RSE cap increase opportunities
30 November 2023
Following Cyclone Gabrielle, many of the Pasifika workers in the Hawke’s Bay put on their gumboots and mucked in on recovery efforts. Employed in the area under the Recognised Seasonal Employer scheme (RSE), this demonstrated their role in the community goes well beyond an employment programme. Instead, after over a decade of implementation, the RSE scheme has become a vital part of our horticulture industry and RSE employees are part of their communities.
Originally designed as a way of supporting Pasifika workers to earn sufficient wages to support families back at home, RSE has developed into enduring partnerships between individual villages and employers. Skills are exchanged and employees return year after year. New Zealand producers know that to get the best possible workforce they must invest in them – targeted recruitment, purpose-built accommodation and upskilling.
The scheme has been running since 2007 and there has only been minor policy updates since then. In the last decade, the number of employees per year has doubled, with a third of that happening in the last three years. There is the potential for the scheme to be updated to meet the changing needs of New Zealand growers, employees and our Pacific partners.
HortNZ is encouraged by the new government’s promise to increase the number of places available through the scheme. There is an unmet demand from growers and more people want to come from the Pacific, particularly countries that have expressed an interest in increasing their numbers. And this can be done in a way that facilitates increasing wellbeing in the home countries as well as here. This is a chance to be proactive about sharing the scheme rather than ad hoc tinkering in response to bad performers.
The potential in the scheme is in increased flexibility. During Covid and the following years, workers often felt frustrated by shorter work seasons as late starts, due to bureaucracy, were not reflected in later finishers. We have seen examples of workers sitting ready to go in their home country but held up for reasons outside employer and employee control. It does not respect the dignity of the person if they are expected to drop everything and go on the whim of when paperwork comes through.

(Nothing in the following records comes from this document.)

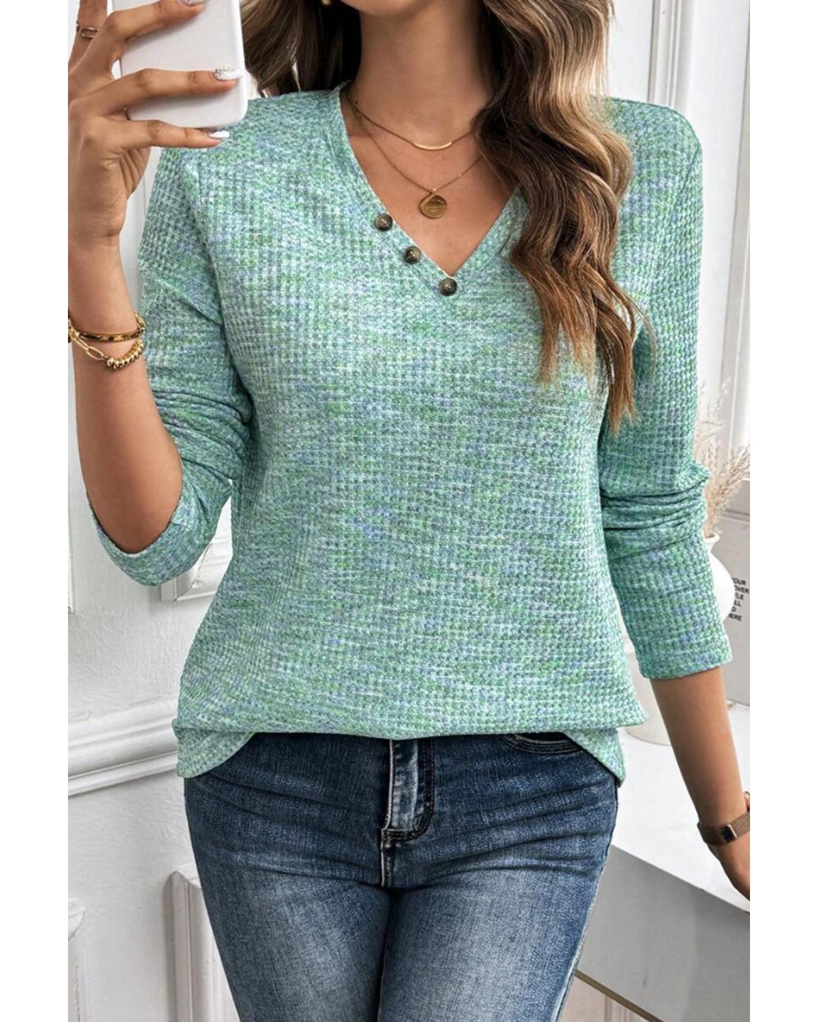 Moonlight Jade Buttoned V Neck Textured Knit Long Sleeve Top – 2XL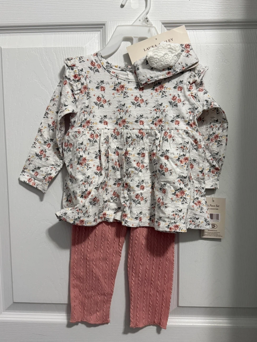 *Brand new, tags on!* Laura Ashley 3 piece set for baby girls. Includes a sweet floral long-sleeve top, pink cable-knit leggings, and a matching headband. Size 18 months. Cotton blend fabric.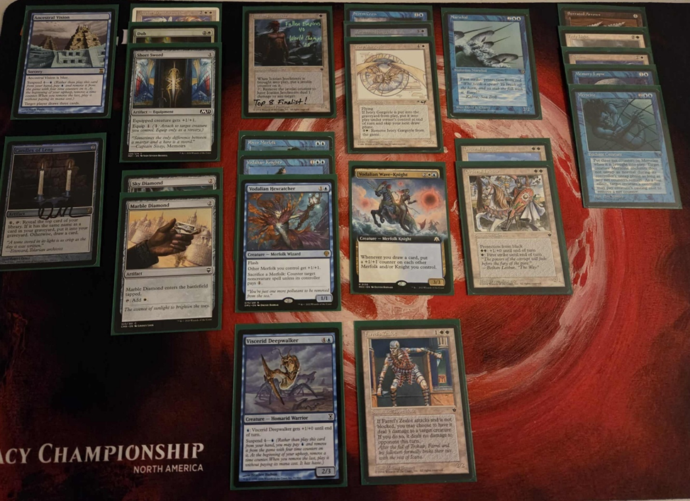 2-1 (5-4) – U/W aggro. This deck really made use of the enchant creatures/equipment. Plus, Wave Knights and Ancestral Vision was enough to scare anyone away. It had some lands in it too.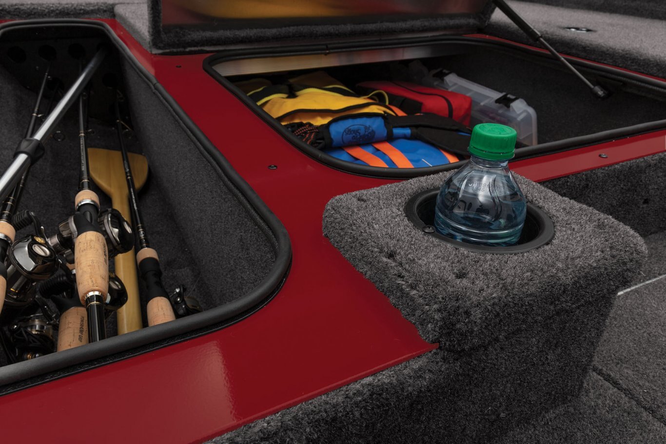 - 4 drink holders—2 on bow deck, 2 in bow tackle storage

The International Labour Organisation and the World Bank recognise the benefits of labour mobility. And recognise New Zealand as one of the leading schemes - we do however have areas that we need to improve on. Unfortunately, in the Pacific, it is easy for us to be lumped into the same bucket as other destinations when addressing issues of labour exploitation. However, New Zealand can and should be the destination of choice given there is a broader understanding of cultural acceptance and Pacific communities are able to support their families while they are here. This is an area that sets the RSE scheme apart from other labour mobility schemes – the concept of ‘whanaungatanga’ is encouraged by many of our growers that bring workers from the Pacific sending countries.
Stakeholders are ready to go on this. The promised RSE policy review stalled with government back in April but now is the chance to get things happening before the next significant picking season.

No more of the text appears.